Though EMT was a German firm, they hired an American, Dr. Barry Blesser, to perform the design. At the time, Barry was a professor at MIT. Designing the very first professional digital reverb in the early 70's, with the limited chip technology then available, must have been a tremendous challenge. Barry has told me that he spent much time wrestling with a fundamental problem in digital reverb design -- emulating the 3 dimensional properties that make a room sound like a "room" as opposed to, let's say, a plate.
Barry wrote a landmark AES paper on digital audio in 1978, was involved with the founding of Lexicon, and served as an AES president in 1980.

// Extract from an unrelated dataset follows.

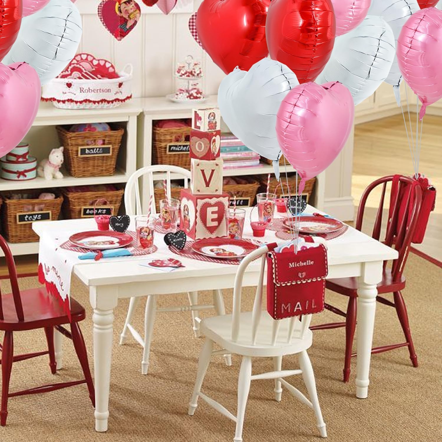 TONIFUL 30Pcs 18 Inch Heart Balloons Red White Pink Valentine’s Day Heart Shape Foil Mylar Balloons Decoration for Romantic Valentine's Day Wedding Bridal Shower Anniversary Engagement Party Supplies

Here's an archived audio recording of a talk he gave in 2000, at the Boston AES section. In it he discusses the future of pro audio and the impact of fast changing technology on what he calls career "threads". The Q&A session that follows it is interesting too.
http://www.dplay.com/aes/blesser.html
Barry is truly a gentleman and a scholar. I have tremendous admiration for him and his work. Isn't it amazing that 30 years later, the 250, with hundreds of discrete logic IC's, no microprocessor, and minimal RAM, is still considered one of the best sounding reverbs that money can buy?